Going to pave the way to office for "gun safety champions," Giffords says the effort will include paid media spanning television, digital advertising, and direct mail, as well as "staff to make the case directly to voters in key states across the country."
The group vouched that the efforts would support "elected allies up and down the ballot and promote policies that close loopholes and save lives. It will also bolster Vice President Kamala Harris’ historic bid for the White House."
According to Giffords, the programming will put a "special focus on congressional districts where gun violence messaging is powerful among women and Latino voters."
Three days before the $15 million announcement, Giffords, along with all of the large gun control groups, strongly endorsed Kamala Harris as the presumptive 2024 Democrat party presidential nominee.
"As Vice President she has done record-setting work to address gun violence, including leading the Office of Gun Violence Prevention, a whole-of-government effort to address this crisis. We know that dedication will not waiver as president," said Giffords Executive Director Emma Brown. "Vice President Harris’ election will be historic, and we are committed to doing everything we can to get her elected in November."

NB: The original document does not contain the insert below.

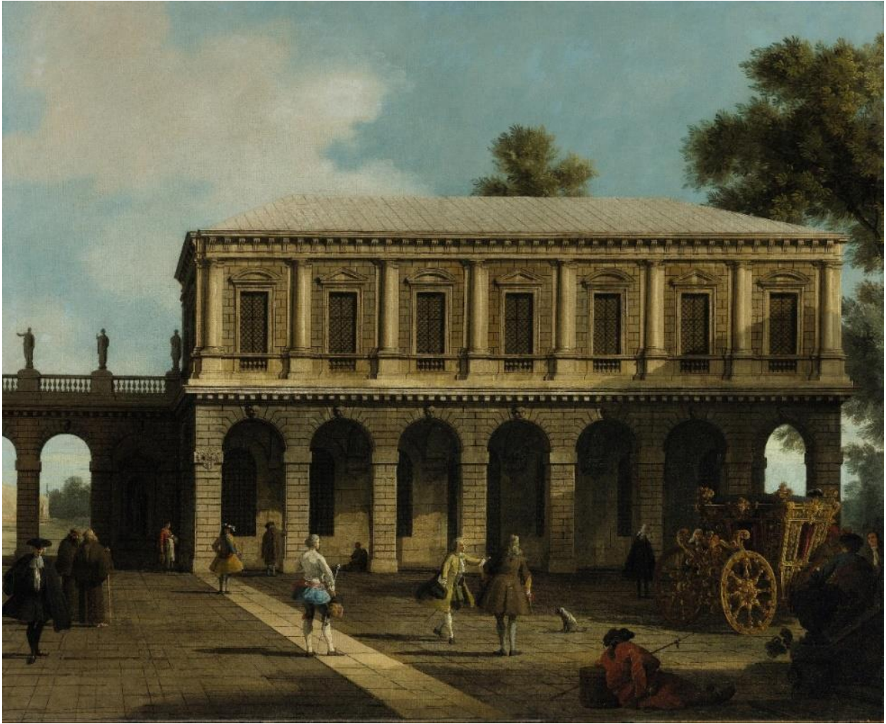
DYS44 Lampronti Gallery: Giovanni Antonio Canal (Venetië, 1697-1768), Capriccio van de San Marco-gevangenissen , ca. 1744. Olie op doek, 105.5 x 127.5 cm

Harris is the current boss of the taxpayer-funded White House Office of Gun Violence Prevention, which includes two former gun control advocates as deputy directors. She has a track record of being "tough on guns" going back to her short stint in Congress and longer terms as California's Attorney General and San Francisco's DA.
While in Congress, Harris supported a national ban on common semi-automatic firearms and their standard-capacity magazines, so-called "red flag" gun seizure orders, and universal background checks that would require a gun registry to be effective. She reiterated support for all three concepts in a speech on July 23, telling the crowd that she planned to "finally pass red flag laws, universal background checks, and an assault weapons ban," once elected.
The $15 million pledge from Giffords appears to be a multi-year lift for the anti-gun group. According to FEC filings for Giffords' political action committee, the organization raised $13.6 million in the 2021-22 cycle and $8.3 million thus far in the current two-year cycle that began on Jan. 1, 2023.